Cuccinelli supporters, of course, would put it down to a simple matter of party loyalty, and that Republicans ought to be supporting Republican candidates no matter what. The problem with this argument, though, is that ignores the diversity of opinion that exists inside a modern American political party and assumes that people will support anyone with an R after their name. While this is no doubt true of some people, it’s not universally true, and it often becomes the exception rather than the rule when  you’re talking about a candidate that comes with a significant amount of controversy or baggage or controversy attached to them, a description that seems to describe Ken Cuccinelli perfectly.

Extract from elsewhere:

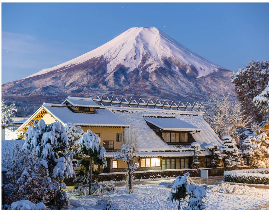
T2G-KIXHND03TG Osaka Tokyo Disneyland...โอซาก้า ชิราคาวาโกะ ฟุจิ โตเกียว ดิสนีย์แลนด์ 7D 4N (TG)

More broadly, though, the split that we saw in Virginia among Republicans seems to be reflective of something that appears to be happening across the nation. Having stood by and done nothing for the most part for the past three years or so, more traditional Republicans, especially those tied to the business community, are now openly making moves that clearly designed to take on the Tea Party forces behind candidates like Cuccinelli:

Leaders of the Republican establishment, alarmed by the emergence of far-right and often unpredictable Tea Party candidates, are pushing their party to rethink how it chooses nominees and advocating changes they say would result in the selection of less extreme contenders.

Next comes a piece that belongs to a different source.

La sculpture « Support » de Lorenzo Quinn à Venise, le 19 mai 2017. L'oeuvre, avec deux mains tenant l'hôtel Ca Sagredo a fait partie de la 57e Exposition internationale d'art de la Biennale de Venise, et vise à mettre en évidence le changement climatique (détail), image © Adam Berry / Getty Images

The push comes as the national Republican Party is grappling with vexing divisions over its identity and image, and mainstream leaders complain that more ideologically-driven conservatives are damaging the party with tactics like the government shutdown.

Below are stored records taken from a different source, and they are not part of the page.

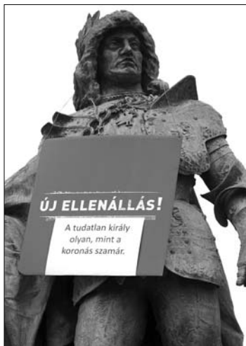
Mátyás király, táblával a nyakában

Az LMP tegnap arról számolt be, hogy szélsőjobb oldali tüntetők két szimpatizánsukat is dur-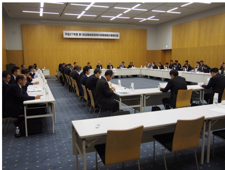
平成27年度 第1回検討会開催状況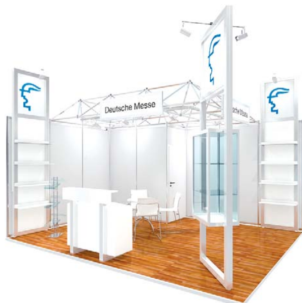
Gestaltungsbeispiel mit Zusatzausstattung / Typical stand configuration with additional fittings

The debate intensified on Wednesday after Kenneth T. Cuccinelli II, the deeply conservative Republican candidate for governor of Virginia, lost a close race in which Democrats highlighted his opposition to abortion in almost all circumstances, his views on contraception and comments in which he seemed to liken immigration policy to pest control

The party leaders pushing for changes want to replace state caucuses and conventions, like the one that nominated Mr. Cuccinelli, with a more open primary system that they believe will draw a broader cross-section of Republicans and produce more moderate candidates.

Similar pushes are already underway in other states, including Montana and Utah, and last week Mitt Romney said Republicans should consider how to overhaul their presidential nominating process to attract a wider range of voters. He suggested that states holding open primaries be rewarded with more delegates to the party’s national convention.

While the discussion may appear arcane, it reflects a fierce struggle for power between the activist, often Tea Party-dominated wing of the Republican Party — whose members tend to be devoted to showing up and organizing at events like party conventions — and the more mainstream wing, which is frustrated by its inability to rein in the extremist elements and by the fact that its message is not resonating with more voters.

“Conventions by nature force candidates and campaigns to focus on a very small group of party activists,” said Phil Cox, executive director of the Republican Governors Association and a longtime Virginia-based strategist. He grimaced at the successful movement by conservative activists in his state earlier this year to switch from a primary system to a convention system. “If the goal is actually to win elections, holding more primaries would be a good start.”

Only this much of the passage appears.